The first thing you notice about Bath when arriving on the train is that the buildings are not made of red brick, like everywhere else in England, but a cream coloured stone called Bath stone. As you would have guessed by the name it is from the local area. There is actually a by-law that says all buildings must be made from the stuff. A little snag is that the quantities are running low so they have changed from solid bath stone buildings to buildings built with cinder blocks and bath stone veneer.

Day 1

Our hosts strongly recommended doing the local walking tour kindly paid for by the Mayor. So in the morning we headed down to town to the starting spot. Our tour guide was a rather odd old man who had a habit of stammering regularly and appearing to lose his train of thought. He was a good source of local information and cracked a few jokes that were mildly funny.

Stonehenge

In the afternoon we had booked a trip to Stonehenge with “Mad Max” tours which began with bad jokes about Mel Gibson but the similarity to the movies ended there.

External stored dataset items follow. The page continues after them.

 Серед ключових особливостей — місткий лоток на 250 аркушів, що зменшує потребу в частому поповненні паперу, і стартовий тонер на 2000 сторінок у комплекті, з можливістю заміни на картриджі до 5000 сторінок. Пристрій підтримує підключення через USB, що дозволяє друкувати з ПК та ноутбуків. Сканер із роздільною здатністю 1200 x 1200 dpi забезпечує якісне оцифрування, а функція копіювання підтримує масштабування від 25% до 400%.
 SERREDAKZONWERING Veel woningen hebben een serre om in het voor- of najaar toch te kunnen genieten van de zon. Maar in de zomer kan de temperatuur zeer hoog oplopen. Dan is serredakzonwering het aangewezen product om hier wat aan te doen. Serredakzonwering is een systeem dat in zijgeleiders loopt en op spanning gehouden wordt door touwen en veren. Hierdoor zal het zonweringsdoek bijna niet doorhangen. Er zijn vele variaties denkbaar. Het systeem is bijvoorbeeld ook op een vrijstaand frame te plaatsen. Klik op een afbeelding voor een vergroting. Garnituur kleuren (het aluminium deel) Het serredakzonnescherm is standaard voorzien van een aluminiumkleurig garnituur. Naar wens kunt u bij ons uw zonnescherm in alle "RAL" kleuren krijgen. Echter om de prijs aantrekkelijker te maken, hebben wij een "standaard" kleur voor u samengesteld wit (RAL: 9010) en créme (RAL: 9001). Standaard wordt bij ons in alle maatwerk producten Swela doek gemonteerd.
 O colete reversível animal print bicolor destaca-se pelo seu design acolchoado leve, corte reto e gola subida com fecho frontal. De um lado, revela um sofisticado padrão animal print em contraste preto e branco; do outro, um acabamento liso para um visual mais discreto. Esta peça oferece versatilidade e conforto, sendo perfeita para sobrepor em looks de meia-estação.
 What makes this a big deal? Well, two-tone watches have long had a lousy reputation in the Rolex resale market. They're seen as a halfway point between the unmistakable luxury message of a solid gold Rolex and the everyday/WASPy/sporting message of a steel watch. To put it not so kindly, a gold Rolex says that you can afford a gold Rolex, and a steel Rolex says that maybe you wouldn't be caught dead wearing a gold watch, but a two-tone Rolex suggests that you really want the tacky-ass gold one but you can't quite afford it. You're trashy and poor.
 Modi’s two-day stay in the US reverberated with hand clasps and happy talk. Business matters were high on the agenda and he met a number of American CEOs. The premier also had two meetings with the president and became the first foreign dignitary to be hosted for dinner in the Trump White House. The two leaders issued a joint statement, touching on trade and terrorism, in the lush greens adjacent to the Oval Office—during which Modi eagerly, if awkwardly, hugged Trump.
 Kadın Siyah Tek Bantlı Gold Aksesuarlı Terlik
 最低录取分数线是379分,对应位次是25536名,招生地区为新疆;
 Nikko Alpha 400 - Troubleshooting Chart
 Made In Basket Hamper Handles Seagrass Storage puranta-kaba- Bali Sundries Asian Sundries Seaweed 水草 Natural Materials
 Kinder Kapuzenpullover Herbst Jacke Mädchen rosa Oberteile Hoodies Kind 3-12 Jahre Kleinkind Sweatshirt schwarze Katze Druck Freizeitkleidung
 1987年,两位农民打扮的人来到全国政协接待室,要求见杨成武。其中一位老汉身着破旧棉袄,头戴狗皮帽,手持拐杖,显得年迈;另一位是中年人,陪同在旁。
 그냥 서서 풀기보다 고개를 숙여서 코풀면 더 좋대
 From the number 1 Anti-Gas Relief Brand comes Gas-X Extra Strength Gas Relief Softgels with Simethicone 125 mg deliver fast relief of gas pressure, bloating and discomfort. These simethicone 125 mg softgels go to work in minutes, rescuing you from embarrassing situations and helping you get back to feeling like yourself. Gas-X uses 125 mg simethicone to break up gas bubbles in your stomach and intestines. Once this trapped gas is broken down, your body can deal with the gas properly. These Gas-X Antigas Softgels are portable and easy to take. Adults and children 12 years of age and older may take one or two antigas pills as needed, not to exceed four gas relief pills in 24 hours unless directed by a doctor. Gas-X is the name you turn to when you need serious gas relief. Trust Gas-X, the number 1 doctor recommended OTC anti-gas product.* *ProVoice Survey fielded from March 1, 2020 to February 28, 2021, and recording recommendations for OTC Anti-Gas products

Our tour guide gave us a potted history of the area that sometimes overlapped and contradicted what we were told by our guide earlier. I guess you can’t expect rigorous scholarly accuracy on a free guided walk or on a tour bus.

Stonehenge was not as busy as I had feared, and very well managed. We finally put our “family” membership of the New Zealand Historic places trust to use (which expires early next month) to get free entry.

We received audio guides with entry which can be a mixed blessing. On the one hand they provide an interesting, detailed and hopefully more accurate history of the attraction. However they can be very corny and put you off what you are trying to appreciate (see our entry on Gaudi’s Passeig de Garcia post on Thursday, April 08, 2004) The Stonehenge guide was better than most and helped you appreciate what is otherwise a strange pile of large stones. The commentary is very cagey about making assumptions always saying “we believe …” it seems to me that the most obvious explanation of its purpose was to celebrate the solstice, especially the summer one. I cannot say it was an awe inspiring experience, there were simply too many people with video and still cameras around snapping away to really appreciate it.

Food poisoning

On returning to Bath I suddenly had an overwhelming need to find a toilet. It turns out eating the seafood sandwich the previous evening, that I bought at the station in London, was not a good idea. I had food poisoning. We had a simple pasta meal and an early night.

Day 2

Georgian Bath

Bath was a sleepy little town after the Romans left England (more on that below). It only became popular in Georgian times when royalty chose it as a retreat and so all their entourage and the “social elite” followed. Now the old city mainly consists of Georgian architecture which secured its status as a world heritage site. Two impressive examples are the Circus, a circle of houses which enclose a small green and is dissected by three roads at 120 degrees. The second is the Royal Crescent, a half ellipse of houses. Both are very near to each other. We visited Number 1 Royal Crescent, a museum redecorated as it would have been when first built in the 18th century.

We also looked around the Assembly rooms, a large building used for evening entertainment for aristocratic visitors to Bath in its heyday.

This was enough for me, I went back the B&B (conveniently next door to the Assembly rooms) and relaxed while Lou went shopping.

Day 3

Roman Baths


You can’t come to Bath without visiting the Roman Baths. These were originally built in the 1st century AD when Britain was part of the Empire. The Romans loved to bathe and, due to the natural hot springs at Bath, they built a large spa complex including a bathing pond with a temple next door so they could pray to the gods that provided the healing power of the spring. To their credit their plumbing is still working to this day even thought the bathes were buried and forgotten for centuries. The museum is very well designed with many interesting facts about the area at the time of the Romans, their culture, and what the baths would have looked like in all their glory.